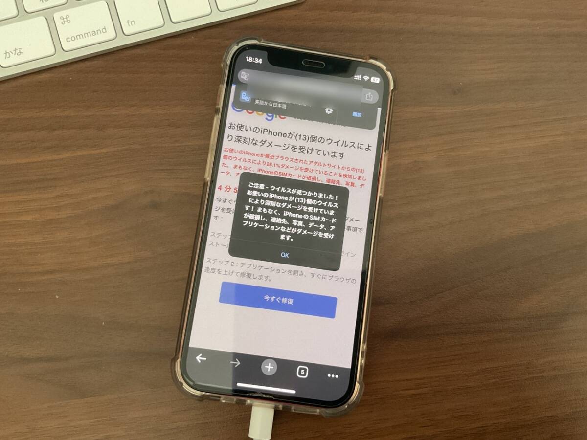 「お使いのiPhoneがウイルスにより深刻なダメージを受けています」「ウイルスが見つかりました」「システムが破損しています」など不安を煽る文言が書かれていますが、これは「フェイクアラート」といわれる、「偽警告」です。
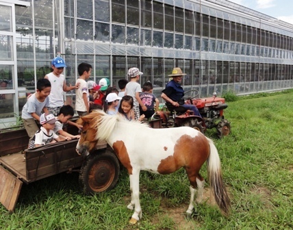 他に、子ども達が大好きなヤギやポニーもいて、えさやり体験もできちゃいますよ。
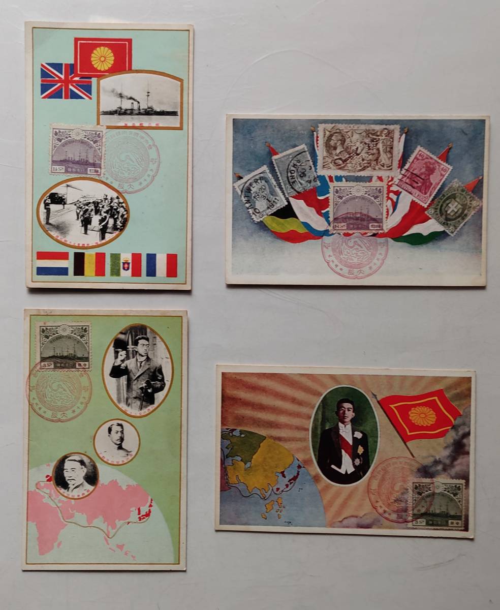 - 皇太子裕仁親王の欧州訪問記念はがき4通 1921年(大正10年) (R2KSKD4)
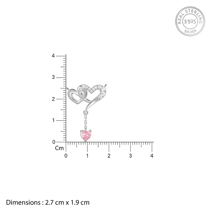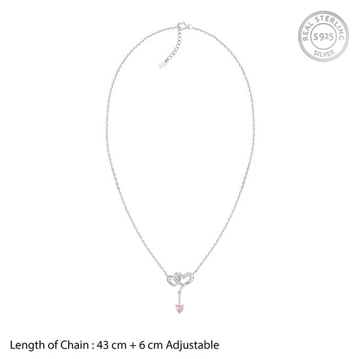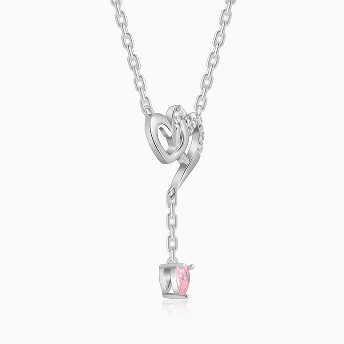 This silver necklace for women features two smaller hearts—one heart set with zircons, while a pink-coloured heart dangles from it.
==
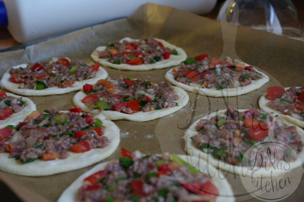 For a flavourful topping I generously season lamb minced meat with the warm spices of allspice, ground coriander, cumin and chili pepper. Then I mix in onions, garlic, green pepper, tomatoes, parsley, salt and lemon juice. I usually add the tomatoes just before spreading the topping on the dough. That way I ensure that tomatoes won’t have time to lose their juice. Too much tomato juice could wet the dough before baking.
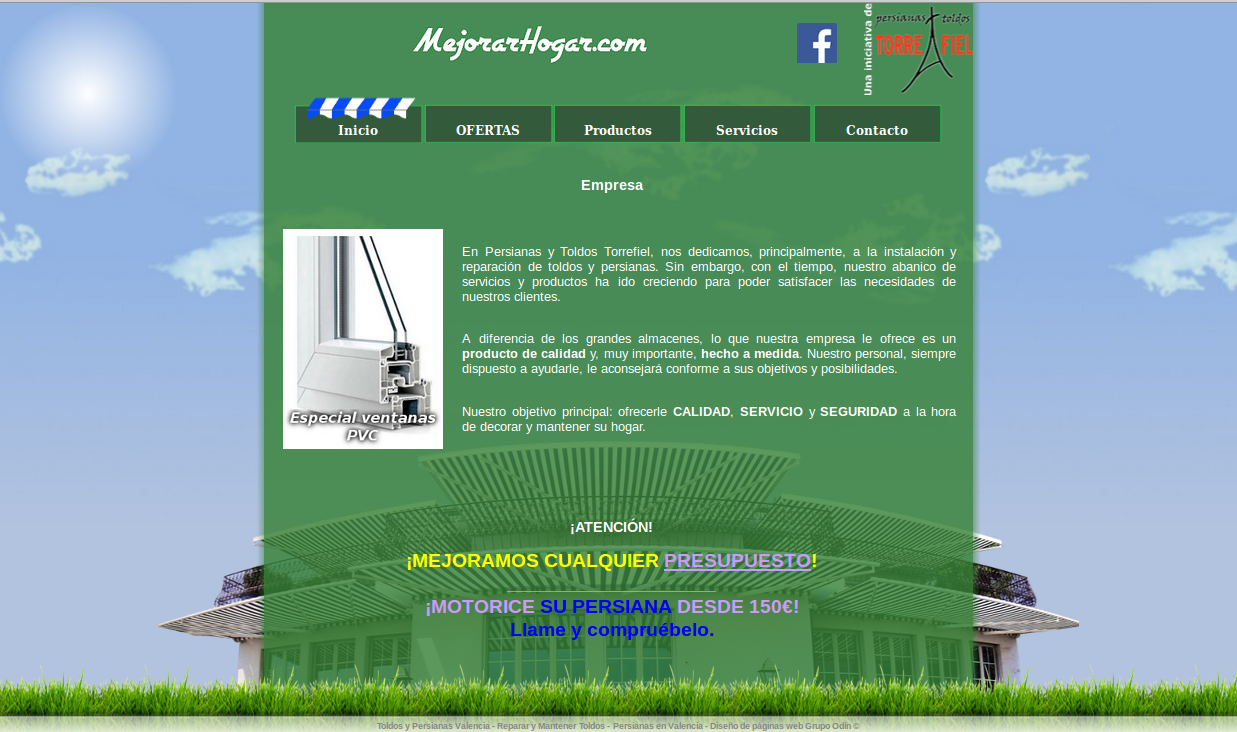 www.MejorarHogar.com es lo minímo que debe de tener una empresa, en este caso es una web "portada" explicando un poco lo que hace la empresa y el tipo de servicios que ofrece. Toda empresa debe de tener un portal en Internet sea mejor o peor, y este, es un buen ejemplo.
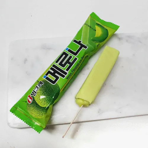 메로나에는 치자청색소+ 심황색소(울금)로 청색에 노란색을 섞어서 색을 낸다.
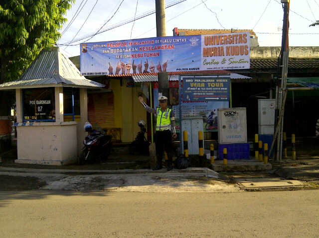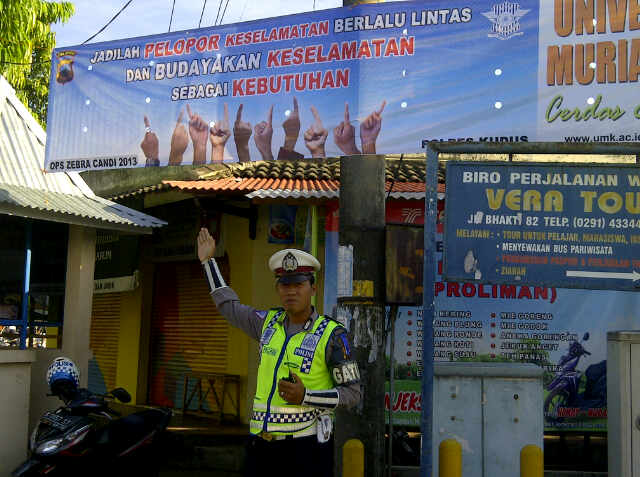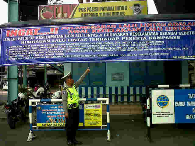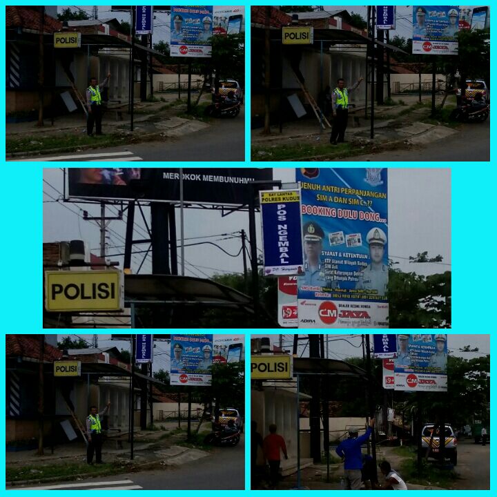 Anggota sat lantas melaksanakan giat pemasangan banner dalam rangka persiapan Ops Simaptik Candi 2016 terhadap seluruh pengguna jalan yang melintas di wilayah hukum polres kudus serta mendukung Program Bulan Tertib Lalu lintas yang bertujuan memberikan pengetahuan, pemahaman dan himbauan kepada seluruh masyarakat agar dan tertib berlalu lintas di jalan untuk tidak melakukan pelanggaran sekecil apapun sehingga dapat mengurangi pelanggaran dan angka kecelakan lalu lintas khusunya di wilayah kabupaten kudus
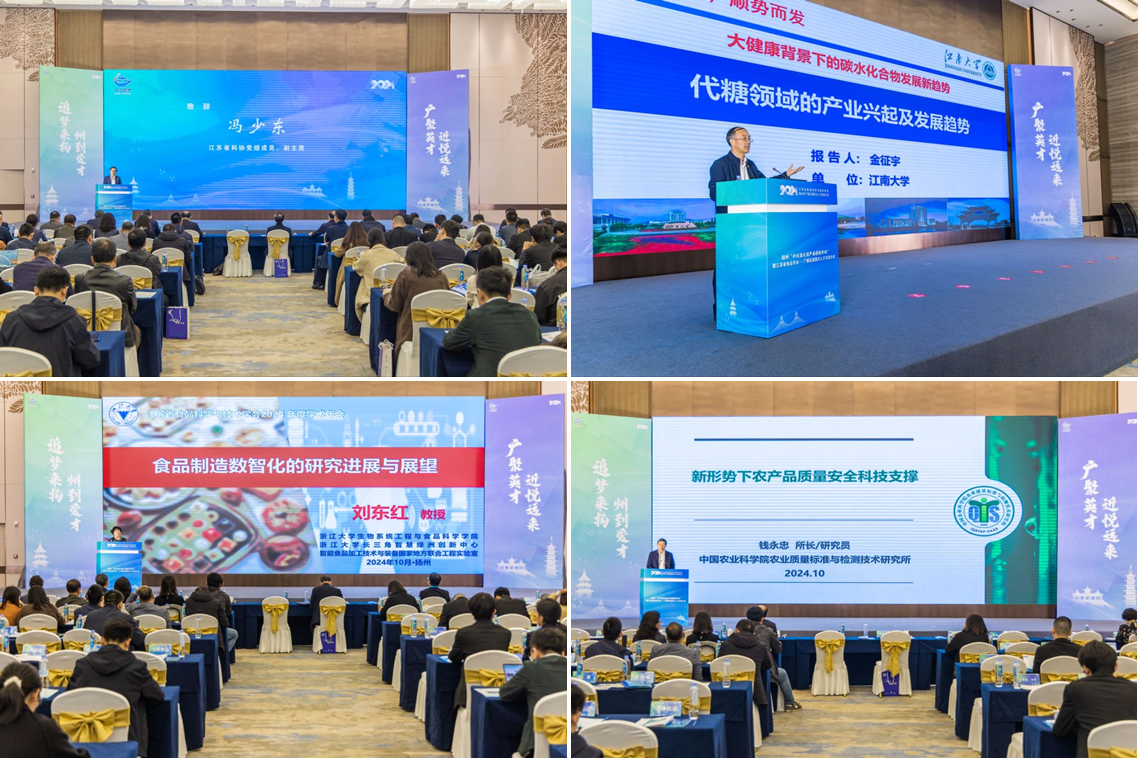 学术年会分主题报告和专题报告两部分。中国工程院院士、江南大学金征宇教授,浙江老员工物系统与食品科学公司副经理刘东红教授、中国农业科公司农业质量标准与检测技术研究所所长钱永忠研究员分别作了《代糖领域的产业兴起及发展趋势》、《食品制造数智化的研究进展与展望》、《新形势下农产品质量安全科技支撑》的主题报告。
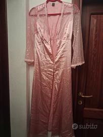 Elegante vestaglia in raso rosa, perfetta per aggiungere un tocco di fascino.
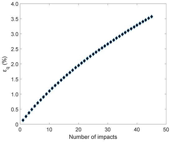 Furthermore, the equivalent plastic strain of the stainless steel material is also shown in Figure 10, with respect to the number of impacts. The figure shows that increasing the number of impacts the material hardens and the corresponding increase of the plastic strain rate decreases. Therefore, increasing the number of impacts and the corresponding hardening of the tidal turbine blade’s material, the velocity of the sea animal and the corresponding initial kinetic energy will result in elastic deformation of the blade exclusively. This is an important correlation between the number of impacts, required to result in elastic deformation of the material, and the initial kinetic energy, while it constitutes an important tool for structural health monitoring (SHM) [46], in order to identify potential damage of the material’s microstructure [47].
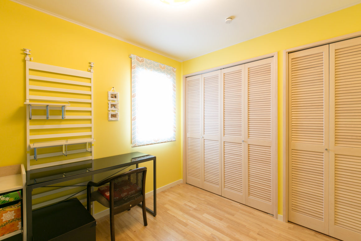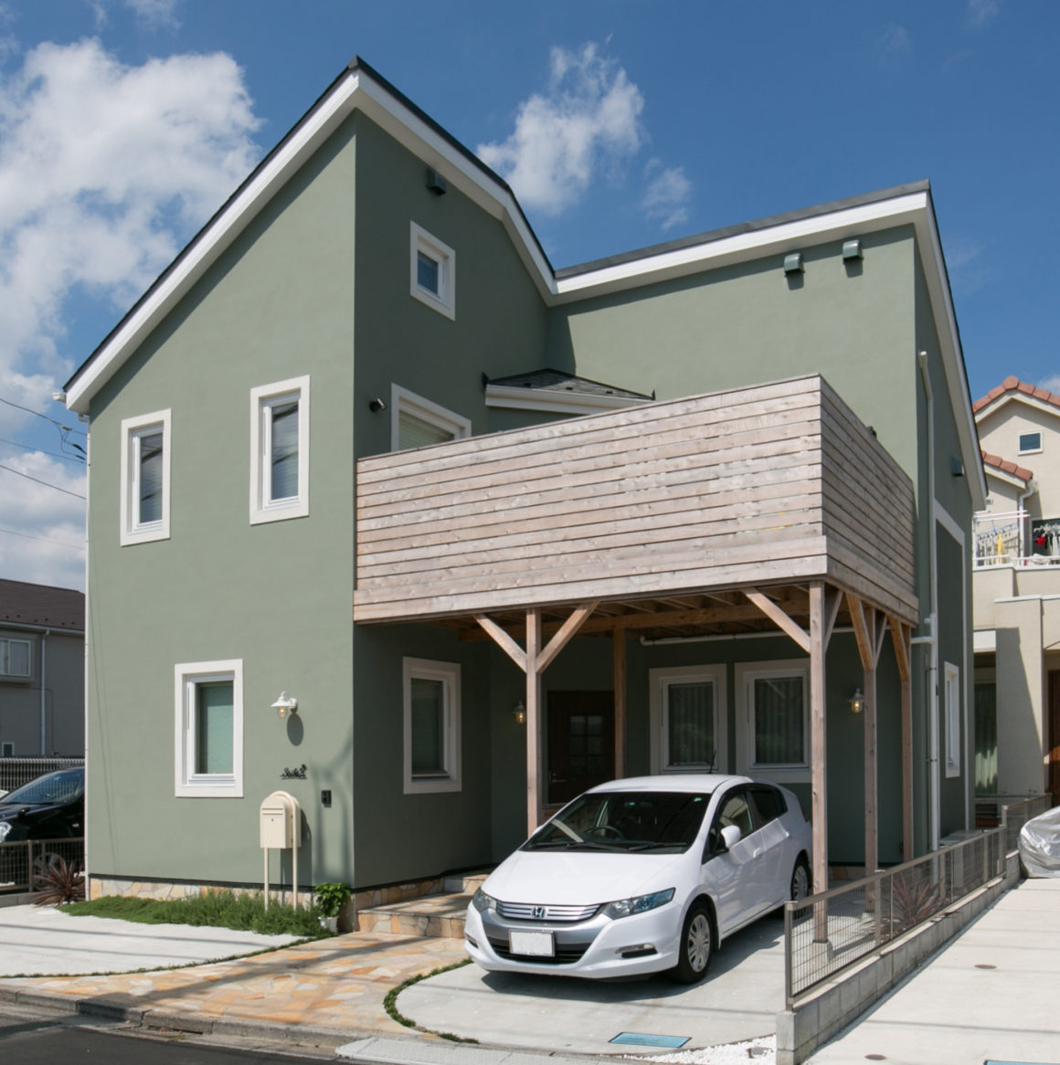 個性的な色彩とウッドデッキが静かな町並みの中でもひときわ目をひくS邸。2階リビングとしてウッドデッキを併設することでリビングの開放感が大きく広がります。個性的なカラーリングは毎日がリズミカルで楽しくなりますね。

> _TASK BRIEF_:
Return, exactly as they stand, the lines above from the one with "他に、子ども達が大好きなヤギやポニーもいて、えさやり体験もできちゃいますよ。" to the one with "This silver necklace", omitting any pictures among them.

> _OUTPUT FOR THIS EXERCISE_:
 他に、子ども達が大好きなヤギやポニーもいて、えさやり体験もできちゃいますよ。
 - 皇太子裕仁親王の欧州訪問記念はがき4通 1921年(大正10年) (R2KSKD4)
 This silver necklace for women features two smaller hearts—one heart set with zircons, while a pink-coloured heart dangles from it.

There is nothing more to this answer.